Sebenarnya, sistem pendidikan yang ada pada saat ini dirancang oleh pengaruh era industri di mana pabrik-pabrik membutuhkan buruh untuk menjalankan mesin mereka. Saat itu sekolah berkaitan erat dengan penyeragaman untuk menjawab kebutuhan produksi massal.
Nilai-nilai di era industri tampak jelas. Sebagai contoh, ketika kita mengklasifikasi berdasarkan kelas-kelas dan angkatan-angkatan, mengatur mereka dengan isyarat bunyi lonceng atau bel.
Sistem tersebut sangat bertolak belakang dengan kebutuhan nyata saat ini. Bahkan, pendidikan hingga saat ini lebih memilih penyeragaman dibandingkan melihat serta menghargai keberagaman dan tidak mendorong pembelajaran mandiri.
Mengedepankan hafalan dibandingkan kreativitas, kebebasan berpikir, dan daya kritis. Mendukung kompetisi dan individualisme dibandingkan kolaborasi dan kerja-kerja kolektif. Mengutamakan kesuksesan, bukan menghadapi masalah serta tangguh dalam menghadapi persoalan dan kegagalan. Lebih banyak menyoroti kemampuan analitik dan kognitif, tetapi abai terhadap sensitivitas, empati, dan kecerdasan emosional.
Tantangan Pendidikan Hari Ini
Dunia pasca industri membutuhkan serangkaian kompetensi baru dari jagat pendidikan yang lebih komprehensif. Maka, mau tidak mau kita harus masuk dalam gerbang baru yang mampu mengeksplorasi pandangan holistik serta prasyarat desentralisasi pendidikan.
Hal ini merupakan proses penyempurnaan dari pendekatan yang hanya sekadar mangandalkan keterampilan kognitif dan mekanis menuju ke tata kelola berpikir yang lebih kompleks, yang tentu saja membutuhkan kaliber sistem pendidikan yang berbeda.
Memahami bahwa laju perubahan dunia tidak selalu deterministik dan menyadari perbedaan sudut pandang merupakan modal yang berharga. Selain itu, penekanan soal pentingnya kapasitas adaptif, kreativitas, serta kemampuan penalaran kualitatif dalam rangka mengintegrasikan teori dan penerapannya.
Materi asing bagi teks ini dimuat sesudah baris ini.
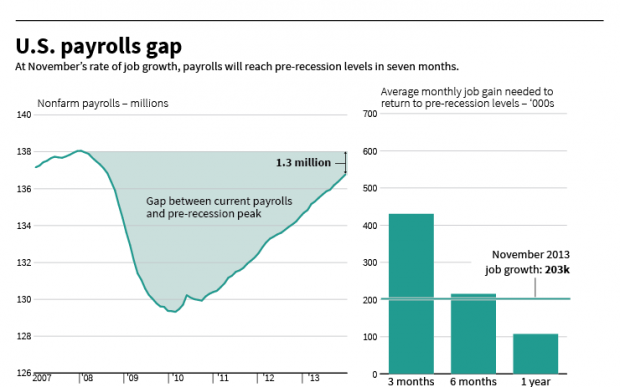 Reuters также показала график провала в занятости – количество рабочих мест, которые необходимо создать экономике, чтобы вернуться к дорецессионному максимуму. В рамках текущего уровня роста занятости, понадобится ещё семь месяцев, чтобы восполнить пробел.

Semua itu mencakup serangkaian kompetensi manusia yang dibutuhkan di era otomasi.
Baca juga: Spiritualitas: Akar Pendidikan Berkualitas
Ekosistem pendidikan yang lebih luas dibutuhkan untuk memberi kesempatan pengembangan diri seseorang secara holistik. Meskipun saat ini kita menyadari persoalan pendidikan dan berusaha untuk memperbaiki, tanpa disadari kita masih memandang dengan cara lama yang telah usang.
Sistem, paradigma, dan struktur berpikir yang telah usang justru dilanggengkan dan dipraktikkan setiap hari. Sistem pendidikan berkembang sedemikian rupa dan mengarah, menguat, dan semakin terpusat.
Apa yang dimaksud pendidikan yang berkembang adalah apa yang terjadi di dalam kotak ruang akademik (sekolah, universitas, perpustakaan, dan sejenisnya). Proses belajar dipusatkan di ruang tertutup akademik.
Proses pendekatan pendidikan usang semacam itu memang cocok diterapkan di era kalangkaan informasi. Namun, kenyataannya saat ini kita memiliki sumber daya yang mudah dan bebas diakses dan dipelajari orang banyak.